• Exercise objective:
Filter the entries for the word "กแฟนตาซ". Copy each line that has it.
========================
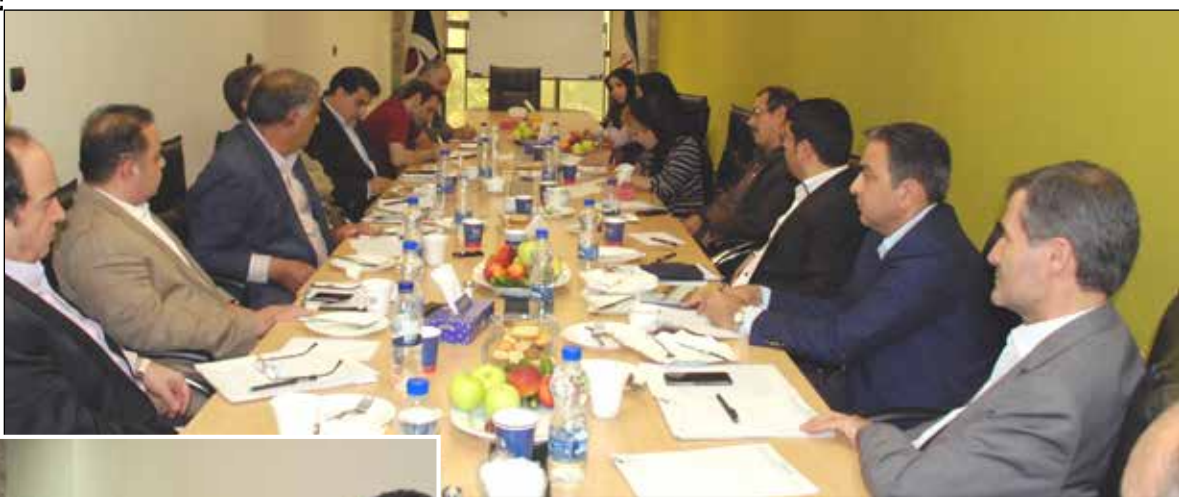
برگزاری نشست انجمن تولیدکنندگان فولاد ایران در خصوص ابلاغیه وزیر
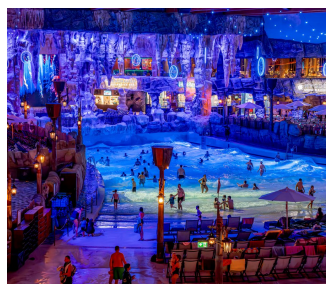
Das Wellenbecken Surf Fjord verwandelt sich am Abend in eine Bühne für spektakuläre Lichtinstallationen, atemberaubende Effekte und Luftakrobatik hoch über dem Wasser
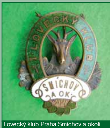
Lovecký klub Praha Smíchov a okolí
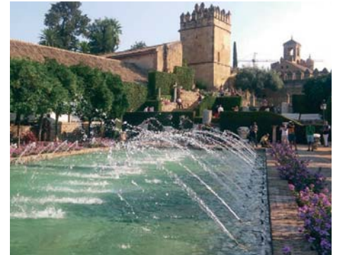
El Alcázar de los Reyes Cristianos de Córdoba.

La productora ya anunció en Fitur la temática de la nueva edición del espectáculo, que versará sobre el encuentro de Colón con los Reyes Cristianos en el Alcázar y cómo este evento fue la semilla de la posterior aventura de las Indias. El equipo de Letsgo trabaja en el desarrollo creativo del espectáculo. Han avanzado que la composición musical será especialmente singular para este espectáculo, añadiendo una capa más de contenido histórico al relato.
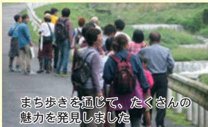
まち歩きを通じて、たくさんの魅力を発見しました

10月1日に寄で第2回まち歩き&ワークショップを開催し、24人が参加しました。やまびこ館から龍王寺までの道のりを寄り道しながら地域資源（お宝）を発見し、寄を紹介する標語を出し合いました。「自然に寄った生活やどりき」「暮らし達人の里やどりき」など、たくさんの意見が出ました。
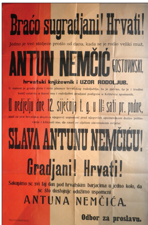
Slika 7. Plakat za obilježavanje 100. godišnjice Nemčićeva rođenja (Gradski muzej Križevci – GMK-7266).

Dva događaja kojima su Križevčani odali počast pjesniku Antunu Nemčiću u mnogočemu se razlikuju. Svečanost otkrivanja spomenika 1899. godine bila je izniman društveni i kulturni događaj kojem su prisustvovali brojni uglednici iz političkog, društvenog, napose kulturnog života. Razna pjevačka društva iz čitave sjeverozapadne Hrvatske pristigla su u Križevce kako bi prisustvovali
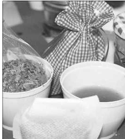
Gemeinsam werden im Kurs kleine Geschenke aus Kräutern hergestellt.

Schmeiser (walter.schmeiser@online.de oder Tel. 07224 50837) wird bis Montag, 28. November, gebeten. Mitzubringen sind: Tasse, Küchenmesser, Schneidebrett, kleines Schraubglas. Kosten: 20 Euro für Nichtmitglieder, 15 Euro für Vereinsmitglieder. Die Teilnahmegebühr beinhaltet bereits alle anfallenden Materialkosten.
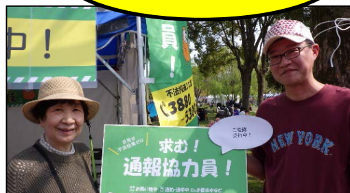
◎1,000人目の会員の方へ、記念に写真とプレゼントを贈呈しました!

ブースにはたくさんの方がお越しくださり、2日間で432名の方にご登録いただきました。その結果、延べ登録者数は1,077名(令和元年5月17日現在)となりました。前号でご案内の通報協力員紹介キャンペーンも好評で、「防犯に役立つものがもらえた!」「家族みんなで協力します!」との声が聞かれました。2日間、盛況のうちに終了することができ、ありがとうございました!
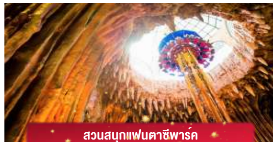
สวนสนุกแฟนตาซีพาร์ค

เช้า บริการอาหารเช้า ณ ห้องอาหารของโรงแรม อิสระท่านท่องเที่ยว สวนสนุกแฟนตาซีพาร์ค ซึ่งมีเครื่อง เล่นหลากหลายรูปแบบ เช่น ท่าอากาศยานมินิของหนัง 4D ระทึกขวัญกับบ้านผีสิง เกมส่นุกๆ เครื่องเล่นเบาๆ รถบัส หรือจะเลือกซื้อป๊องของที่ระลึกของสวนสนุก และ จัตุรัส แห่งดวงดาว เปรียบเสมือนการเดินทางสู่อาณาจักรแห่ง ดวงดาวที่มีเส้นทางเชื่อมต่อระหว่างอาณาจักรแห่งดวงจันทร์และอาณาจักรแห่งดวงอาทิตย์บนที่แสน งดงาม และสถาปัตยกรรมที่ล้ำสมัยจุดเด่นของที่แห่งนี้ก็คือกระจกใสทรงสามเหลี่ยมที่คล้ายกับ พีพีร์กัทลูฟวร์ที่ฝรั่งเศส ให้ความรู้สึกเหมือนท่านกำลังท่องอยู่ในโลกแห่งเวทมนต์และดวงดาว (ไม่ รวมค่าเข้าชมหุ่นยักษ์)
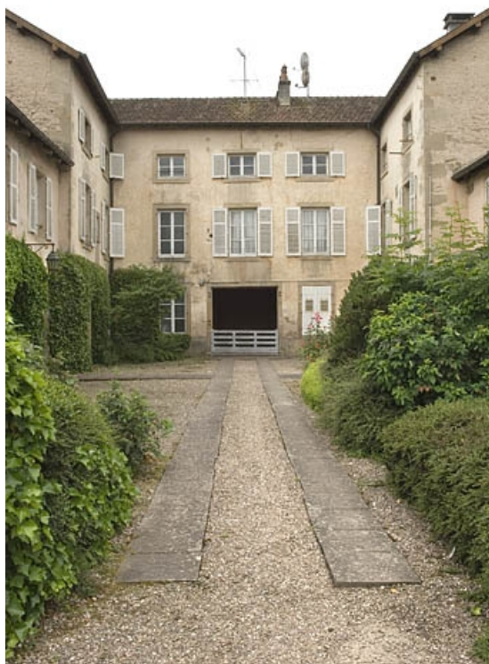
Façade antérieure du relais de poste.
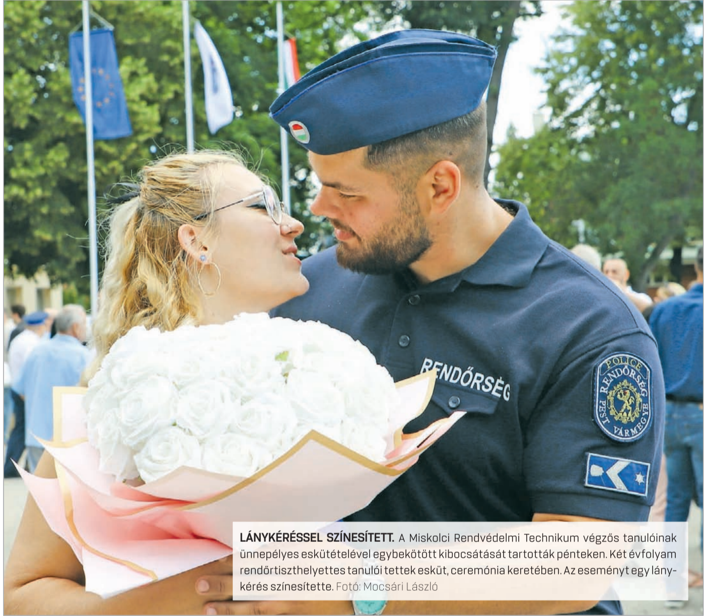
LÁNYKÉRÉSSEL SZÍNESÍTETT. A Miskolci Rendvédelmi Technikum végzős tanulóinak ünnepélyes eskütételével egybekötött kibocsátását tartották pénteken. Két évfolyam rendőrtiszthelyettes tanulóit tettek esküt, ceremónia keretében. Az eseményt egy lánykérés színesítette.
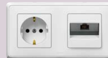
Розетка 2K+3 и розетка RJ45
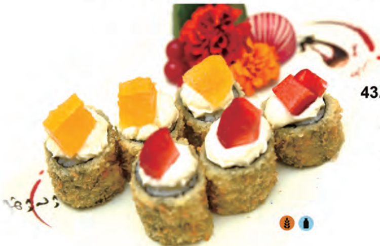
43. HOSO PHILL FRUTTA philadelphia e avocado avvolti da kataifi in tempura, arancia, fragole
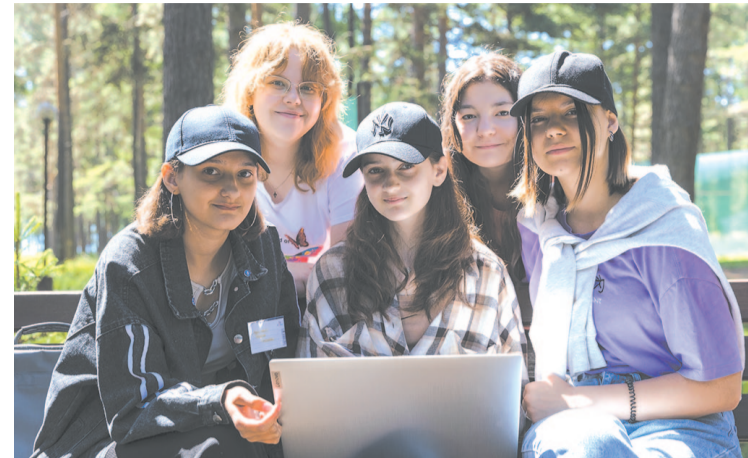
Авторы проекта приглашают новых участников.

Екатерина Морозова, МИА «Хорошие новости»
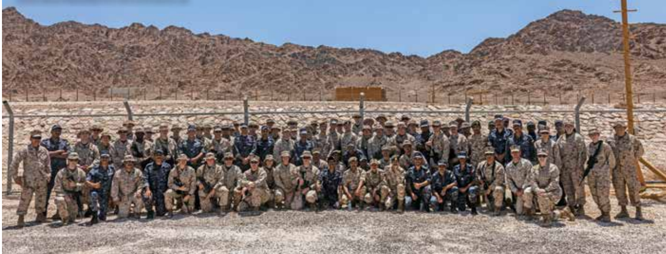
Иорданские морские пехотинцы из 77-го батальона морской пехоты позируют с морскими пехотинцами и моряками США.

В 2024 г. в Саудовской Аравии и Объединенных Арабских Эмиратах прошли учения «Native Fury», в ходе которых военная колонна пересекла Аравийский полуостров по шоссе от порта Янбу на Красном море до Арабского залива. В учениях «Native Fury 25» Акаба служила пунктом въезда. ♦
========================
• Answer to the problem:
สวนสนุกแฟนตาซีพาร์ค
เช้า บริการอาหารเช้า ณ ห้องอาหารของโรงแรม อิสระท่านท่องเที่ยว สวนสนุกแฟนตาซีพาร์ค ซึ่งมีเครื่อง เล่นหลากหลายรูปแบบ เช่น ท่าอากาศยานมินิของหนัง 4D ระทึกขวัญกับบ้านผีสิง เกมส่นุกๆ เครื่องเล่นเบาๆ รถบัส หรือจะเลือกซื้อป๊องของที่ระลึกของสวนสนุก และ จัตุรัส แห่งดวงดาว เปรียบเสมือนการเดินทางสู่อาณาจักรแห่ง ดวงดาวที่มีเส้นทางเชื่อมต่อระหว่างอาณาจักรแห่งดวงจันทร์และอาณาจักรแห่งดวงอาทิตย์บนที่แสน งดงาม และสถาปัตยกรรมที่ล้ำสมัยจุดเด่นของที่แห่งนี้ก็คือกระจกใสทรงสามเหลี่ยมที่คล้ายกับ พีพีร์กัทลูฟวร์ที่ฝรั่งเศส ให้ความรู้สึกเหมือนท่านกำลังท่องอยู่ในโลกแห่งเวทมนต์และดวงดาว (ไม่ รวมค่าเข้าชมหุ่นยักษ์)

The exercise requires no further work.